K. Orikasa, M. Landazuri and A. Tremante
Florida International University,
Keywords: Ceramic Composite Materials, Thermal Properties, Combined Mechanisms of Conduction and Radiation, Temperature proflie, 2-D Two Flux Model
Summary:The understanding of conductive and radiative heat transfer is of fundamental importance for high temperature applications. High Temperature technologies, including gas and steam turbines, gas compressors, spacecraft structures, internal combustion engines, and nuclear reactors among other examples, deal with combined mechanisms of condition and radiation heat transfer processes. These applications often involve high temperature resistant ceramic composite materials, considered as semitransparent, so their thermal properties are critical to predict under these extreme conditions. The exact solution to conductive and radiative heat transfer problems is not easily achieved via numerical methods due to highly expensive computational times.
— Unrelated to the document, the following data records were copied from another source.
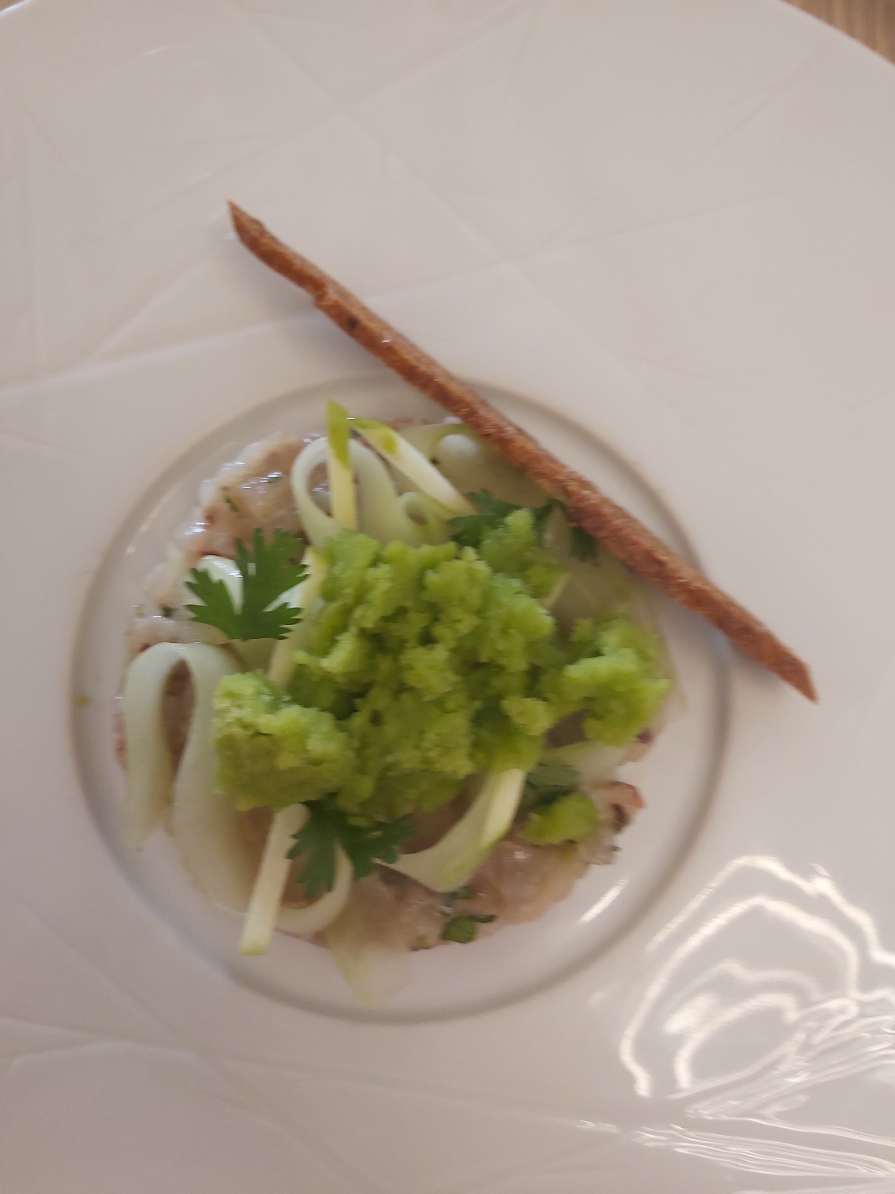 Une salle très épurée avec de la distance entre chaque table. C'est très agréable. Un service au petit soin. Et pour finir, des plats fins super travailler et très bien présentés. Donc un super moment, nous avons adoré. Nous allons y retourner
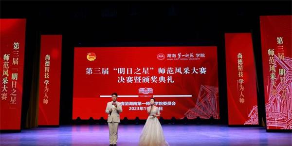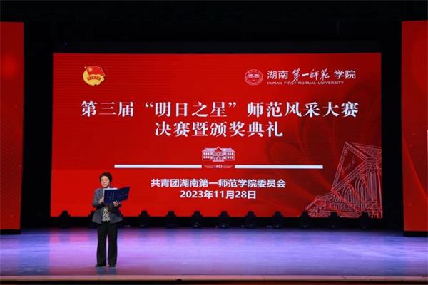 11月28日,best365官网第三届“明日之星”师范风采大赛决赛暨颁奖典礼于田汉剧场举行。校党委委员、纪委书记李昱出席,学生工作部、教务处、团委负责人,部分二级学院党委副书记、分团委书记,指导老师及学生代表共计600余人到场观看。
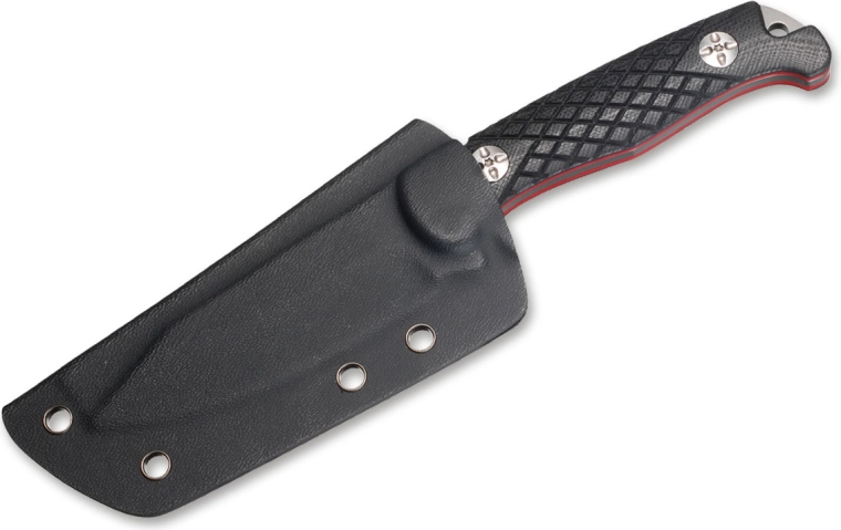 Greb i G10 med skridsikker tekstur inspireret af fiskeskæl sikrer et sikkert greb, også i vådt vejr. Dekorative røde lag giver kniven et attraktivt udseende. Den praktiske Kydex-skede med bælteadapter muliggør komfortabel og sikker bæring både i terrænet og i byen.
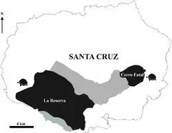 The western Santa Cruz tortoise (Chelonoidis niger porteri)[1] is a subspecies of Galápagos tortoise endemic to Santa Cruz Island in the Galápagos. They are found only on the southwestern slopes of the island, with an estimated range of 141 sq. kilometers. There are approximately 3400 individuals in the wild, and have seen rising numbers in population, despite being critically endangered. MtDNA evidence shows that there are actually three genetically distinct populations on Santa Cruz Island. They are characterised by a black, oval carapace (to 130 cm) that is domed, higher in the centre than in the front, and broad anteriorly. Their life expectancy is 175 years.[3]
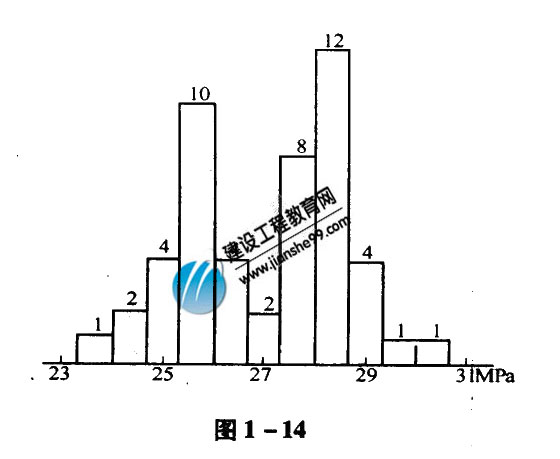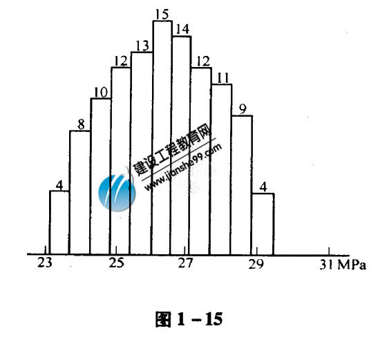10、【背景】某高速公路施工中,監(jiān)理工程師確認的混凝土試配強度為26.5MPa,已知Tu=31MPa;TL=23MPa,混凝土拌制工序的施工采用兩班制,監(jiān)理工程師收集了1個月的混凝土試塊強度資料,畫出直方圖如下,圖1-14為第五標(biāo)段的直方圖,圖1-15為第六標(biāo)段的直方圖,試對此二直方圖進行分析。
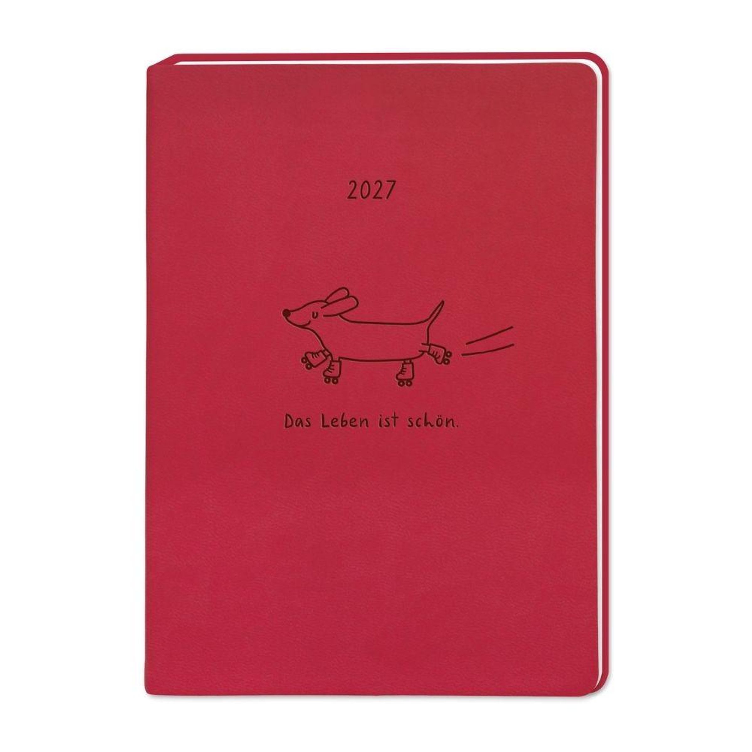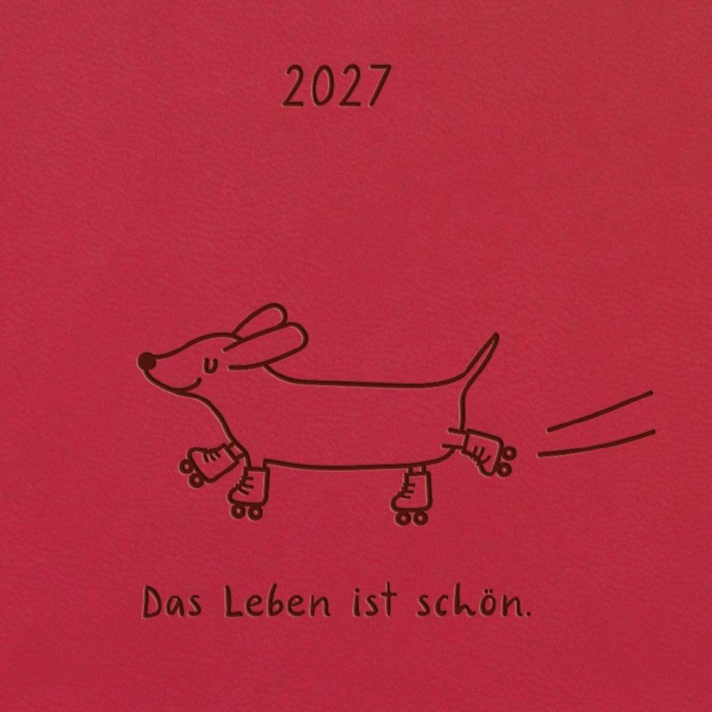 „2027. Das Leben ist schön.“ Auf einem roten Hintergrund eine Zeichnung von einem Hund auf Rollschuhen., Buch
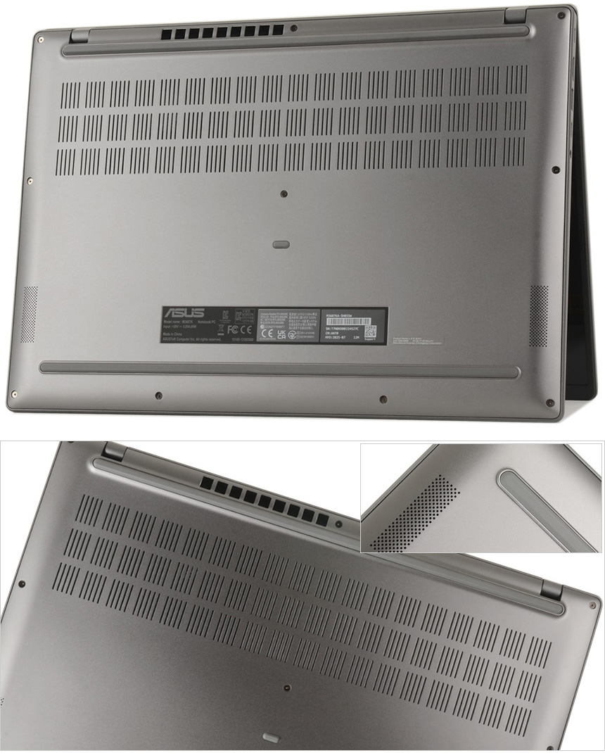 노트북 바닥면의 모습으로 상단과 하단에 고무패드가 설치되어 충격 등으로부터 제품을 보호할 뿐만 아니라 미끄러짐을 방지한다. 또한 하단 양 측면에는 돌비 애트모스 지원 스피커가 설치되어 퀄리티 높은 사운드를 즐길 수 있다.

This study presents a simplified solution of the two dimensional (2-D) steady state conductive and radiative heat transfer via a combination of a new physical formulation, which is the (2-D) Two-Flux Model, coupled with a numerical procedure for the analysis of the temperature profile, intensity of radiation and total heat fluxes. The solution for a steady state conductive radiative energy transfer in an absorbing, emitting and non scattering gray planer two-dimensional medium is formulated.